Whitechapel Gallery

Wilhelm Sasnal

14 Oct 2011 - 01 Jan 2012

© Wilhelm Sasnal
Bathers at Asnières. 2010
oil on canvas
160 x 120 cm
courtesy Sadie Coles HQ, London.
WILHELM SASNAL
14 October 2011 - 1 January 2012

The paintings of Wilhelm Sasnal chronicle the complex experience of life today. Mixing art historical references with images taken from the internet, their subject matter knows no limits: from icons of popular culture such as Roy Orbison to much admired paintings of the past such as Georges Seurat’s Bathers at Asnières (1884), from the lonesome cowboys in a Steven Spielberg film, to the shocking photographs of Mexican photographer Enrique Metinides.

Art Spiegelman’s comic-style narration of the Holocaust serves as pretext for a series of stark black-and-white paintings, while the news image of a Japanese girl rescued from the tsunami becomes a jewel-like colour composition. No conventional boundaries are valid: history meets the present, public mixes with private, Romanticism fuses with Realism. As Sasnal himself states: ‘There are no rules.’ The only rule is that ‘you must not cheat’.
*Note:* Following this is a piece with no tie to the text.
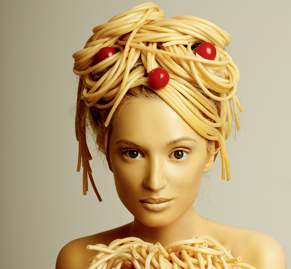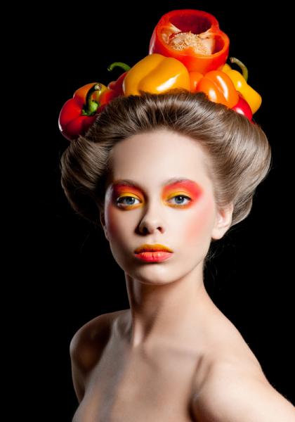 Na wesoło, smakowicie i bardzo atrakcyjnie prezentują się modelki w... tych fryzurach, a może raczej nakryciach głowy (i nie tylko) z produktów spożywczych :)

In a visual culture flooded by photographic images, Sasnal’s work attests to the continuous spellbinding power of painting. This exhibition surveys his work of the past ten years. It opens with recent works referencing world events and the artist’s extensive travels before returning to Pop-inspired work from the 1990s and reflections on the troubled history of his native Poland. The cross-over between film, video, photography and painting which forms the focus of the third part of the exhibition is complemented by a selection of Sasnal’s acclaimed shorts and feature films screened as part of the accompanying events programme.